Praise for The Obvious Game:

"Lovely, evocative, painful and joyful all  in one ... much like high school." --Jenny Lawson, author of LET'S PRETEND THIS NEVER HAPPENED 

“I couldn’t put down THE OBVIOUS GAME. Arens perfectly captures the hunger, pain and uncertainty of adolescence.” -- Ann Napolitano, author of A GOOD HARD LOOK and WITHIN ARM'S REACH

"THE OBVIOUS GAME is a fearless, honest, and intense look into the psychology of anorexia. The characters—especially Diana--are so natural and emotionally authentic that you’ll find yourself yelling at the page even as you’re compelled to turn it." -- Coert Voorhees, author of LUCKY FOOLS and THE BROTHERS TORRES

"Let’s be clear about one thing: there’s nothing obvious about THE OBVIOUS GAME. Arens has written a moving, sometimes heart-breaking story about one girl’s attempt to control the uncontrollable. You can’t help but relate to Diana and her struggles as you delve into this gem of a novel." -- Risa Green, author of THE SECRET SOCIETY OF THE PINK CRYSTAL BALL

"THE OBVIOUS GAME explores the chasms between conformity and independence, faith and fear, discoveries and secrets, first times and last chances, hunger and satisfaction.
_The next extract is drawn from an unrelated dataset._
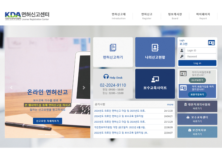 ▲면허신고는 면허신고센터(http://license.kda.or.kr/)에 직접 접속해 실태 등 신고서를 제출하면 되며, ▲보수교육일정 확인 및 유예면제 신청 등은 보수교육센터(https://edu.kda.or.kr)를 통해 하면 된다.
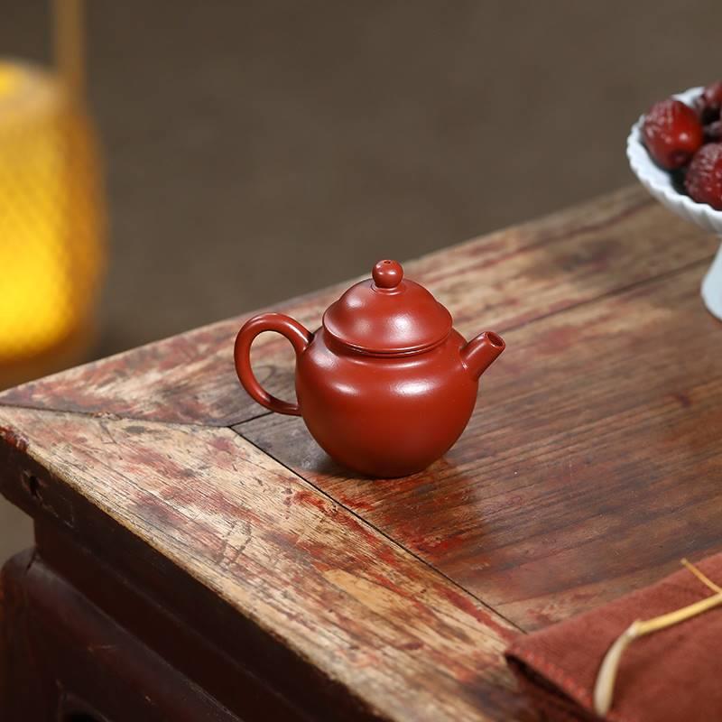 宜兴纯全手工紫砂壶朱泥大红袍球孔小容量龙蛋壶家用掇球壶泡茶壶

The tortured teenage experience is captured triumphantly within the pages of this unflinching, yet utterly relatable, novel. -Erica Rivera, author of INSATIABLE: A YOUNG MOTHER’S STRUGGLE WITH ANOREXIA 

Book Information:

Publisher: Inkspell Publishing

Release Date: Feb 7th, 2013

ISBN: 978-0-9856562-7-0 (ebook), 978-0-9856562-8-7 (Paperback)

Paperback Price: $13.99

Kindle: $4.99

Thanksgiving is a time when things start coming to a head for Diana, who started out "normal." The novel follows her thoughts and feelings into the abyss ... and back out. If you're a family member or friend who wants to throttle their anorexic loved one, this book can help you understand the psychology of suffering from this condition. If you're full-blown anorexic yourself, I'm so sorry. This book contains the sentences that helped me break out of the mind-space that could have killed me. If you just have a weird relationship with food, you might find yourself examining why you initiated your set of rules that determine when you can eat, why, with whom and how much. And if you just like contemporary young adult novels that ask really hard questions about growing up, you might like it as a read.

The next few weeks are going to be really hard for a lot of people who struggle with their relationship with food. For some, it's never "just a doughnut." If you're anorexic, taking one bite more than you planned can feel like bungee jumping off a bridge. I remember wondering why these people who loved me kept asking me to put myself through that. So be kind if you see someone staring in misery at her plate on Thanksgiving. Eating disorders are nobody's fault, and recovery takes a village. Take care of each other.